Property tests that mirror the proof

Next we enforce the invariants under randomized inputs. The property test asserts that any successful request or settle preserves total value and maintains the pending bound.

#[cfg(test)]
mod tests {
    use super::EscrowState;
    use proptest::prelude::*;

    fn sample_state() -> impl Strategy<Value = EscrowState> {
        (0u128..1_000_000, 0u128..1_000_000, 0u128..1_000_000, 1u128..2_000_000)
            .prop_map(|(treasury, pending, paid, max_pending)| EscrowState {
                treasury,
                pending,
                paid,
                max_pending: max_pending.max(pending),
            })
    }

    proptest! {
        #[test]
        fn request_preserves_total(state in sample_state(), amount in 0u128..1_000_000) {
            if let Some(next) = state.request(amount) {
                prop_assert_eq!(next.total(), state.total());
                prop_assert!(next.pending <= next.max_pending);
            }
        }

        #[test]
        fn settle_preserves_total(state in sample_state(), amount in 0u128..1_000_000) {
            if let Some(next) = state.settle(amount) {
                prop_assert_eq!(next.total(), state.total());
            }
        }
    }
}

These are not formal proofs, but they enforce the same properties on the implementation. If the Rust code drifts from the Lean model, the tests fail.

Fuzzing and property tests with Lean as the oracle

Once the Lean model is stable, you can use it as the oracle for fuzzing. The core idea is simple:

  1. Generate randomized sequences of operations.
  2. Execute them against the Rust implementation.
  3. Execute them against the Lean model (or a distilled reference).
  4. Assert the post-state and invariants match.

This gives you a high-signal fuzz suite because the model defines what is allowed.
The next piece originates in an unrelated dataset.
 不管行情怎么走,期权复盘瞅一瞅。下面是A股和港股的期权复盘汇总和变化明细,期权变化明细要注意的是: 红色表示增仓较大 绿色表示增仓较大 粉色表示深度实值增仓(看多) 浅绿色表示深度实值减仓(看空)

When the implementation diverges, you get a minimized, replayable counterexample that points directly at the invariant break.

The same oracle also powers property tests. You can shrink the input space to targeted properties (like conservation of value) while still grading the results against the Lean model.
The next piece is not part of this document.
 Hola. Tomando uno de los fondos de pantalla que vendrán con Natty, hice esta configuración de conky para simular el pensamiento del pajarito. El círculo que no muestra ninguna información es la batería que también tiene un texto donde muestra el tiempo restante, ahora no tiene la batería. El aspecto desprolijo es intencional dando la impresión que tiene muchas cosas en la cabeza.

Keeping the Lean and Rust models aligned

The biggest risk is drift. To prevent it:

  • Keep the Lean model minimal and focused on invariants.
  • Use the Lean model as the authoritative spec in code review.
  • Add a mapping document that states how each Lean operation maps to Rust.
  • Make property tests the contract: no merge if they fail.

The ideal workflow is short and repeatable: update Lean model, update Rust, update tests, then rerun proofs and fuzzing.

A production-safe feedback loop

In real systems we add two more layers:

  • Fuzz the Rust operations with adversarial sequences of requests and settles. Use the Lean model as the oracle that grades each sequence.
  • Add runtime invariant checks on critical code paths for defense in depth.

Formal proofs reduce the unknowns. Fuzzing and runtime checks reduce the unknown unknowns. Together they form a practical, high-assurance loop.

The takeaway

Lean gives you mathematical confidence. Rust gives you operational reality. The bridge is explicit invariants, enforced in code and tests. That is how proofs survive contact with production.